For the first time in 15 years, the American Academy of Child and Adolescent Psychiatry has updated its treatment guidelines for autism spectrum disorder (ASD).
The comprehensive new guidelines urge physicians to look beyond behavioral issues to assess medical conditions associated with autism. They also call for multidisciplinary care by a coordinated team of specialists. Other key recommendations include genetic testing and the careful use of medications as needed in a treatment plan that includes behavioral therapies.
The guidelines appear in the February issue of the Journal of the American Academy of Child and Adolescent Psychiatry.
Embracing “whole-person” care for autism
“We enthusiastically welcome the academy’s publication of guidelines that mirror the whole-person care model pioneered by Autism Speaks Autism Treatment Network,” says developmental pediatrician Paul Wang, Autism Speaks senior vice president for medical research. “These new practice parameters will help raise the standard of care of children and adolescents with autism across the nation.”
The Autism Speaks Autism Treatment Network (AS-ATN) is a collaboration of medical centers dedicated to providing families with state of the art, multidisciplinary care for autism and its associated health conditions. In its role as the federally funded Autism Intervention Research Network on Physical Health, the AS-ATN has pioneered treatment guidelines for many medical conditions associated with autism. These include GI distress, sleep disorder and attention deficit and hyperactivity disorder. (These guidelines can be found in a special supplement of the journal Pediatrics, here.)

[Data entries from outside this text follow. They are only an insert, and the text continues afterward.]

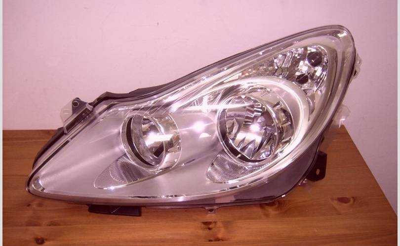 Фара хромированная (серебристая, хром, светлая) левая, новая, неоригинальная. Подходит для автомобиля Opel Corsa D дорестайлинг с 2006 по 2010 год выпуска.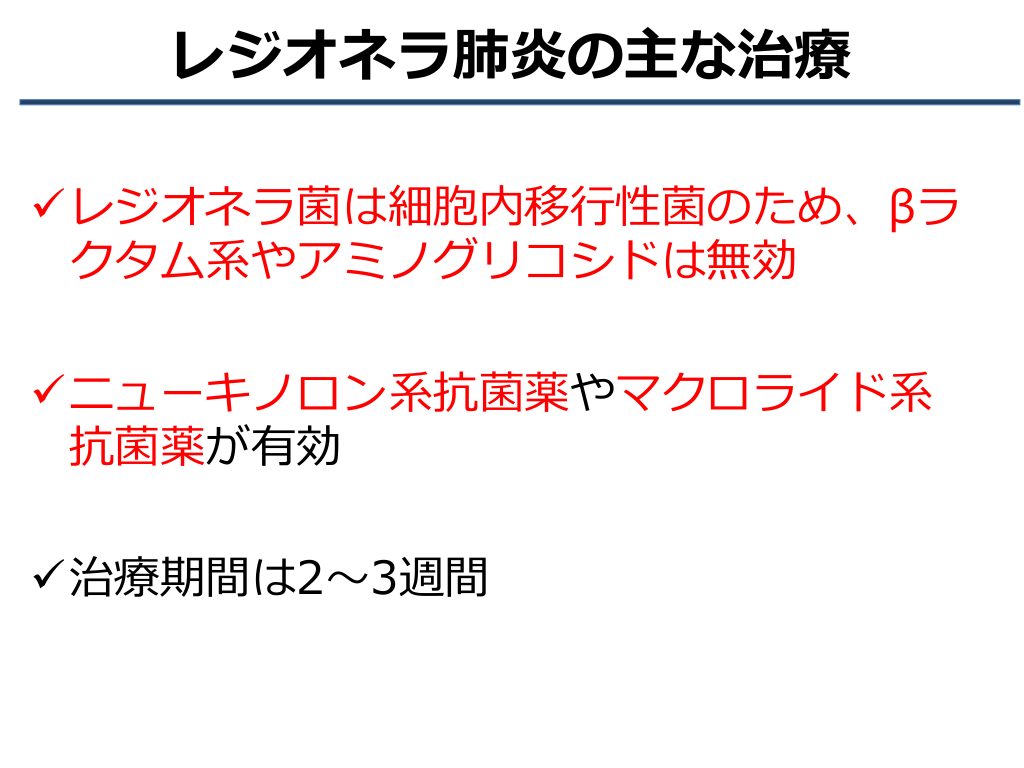 #23. レジオネラ肺炎の主な治療 レジオネラ菌は細胞内移行性菌のため、βラ クタム系やアミノグリコシドは無効 ニューキノロン系抗菌薬やマクロライド系 抗菌薬が有効 治療期間は2~3週間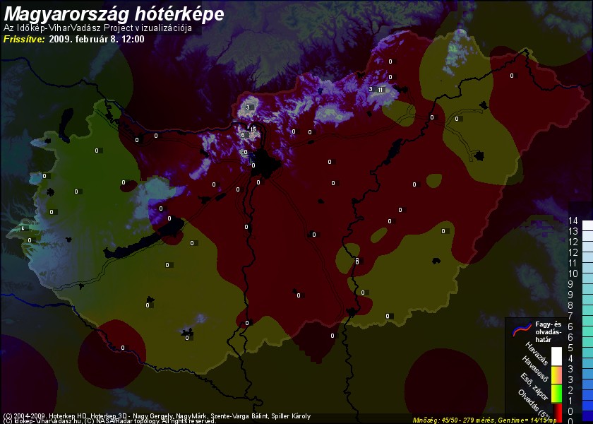 Hótérképünkön hazánk síterepei mellett észlelőink által jelzett hóvastagság adatok is

Academy’s update long overdue
The academy’s new practice guidelines replace 1999 guidelines that were “woefully out of date,” says co-author Matthew Siegel. Dr. Siegel is a child psychiatrist and director of the Developmental Disorders Program at Maine’s Spring Harbor Hospital. The new recommendations address both assessment and treatment of autism.
The assessment recommendations call on doctors to routinely assess young children for developmental issues including autism. If the screen shows significant symptoms of autism, the doctor should refer the child for a full evaluation. These recommendations are in line with those of the Autism Speaks Early Access to Care program.
Once a diagnosis of autism is made, the academy guidelines call on the child’s doctor to coordinate the multidisciplinary assessments needed to develop a comprehensive treatment plan. These should include behavioral assessments, communication and psychological tests, genetic screening and a physical exam. The physical exam should include evaluation for medical conditions that commonly co-occur with autism (seizures, sleep and GI disorders, etc.)
The academy’s new guidelines also emphasize four basic treatment recommendations: First, physicians should help families obtain appropriate, evidence-based educational and behavioral interventions. Second, doctors should ask about use of alternative or complementary treatments. Third, they should offer medications for behavioral problems only after all other approaches have been tried. And fourth, they should maintain an active role in long-term treatment.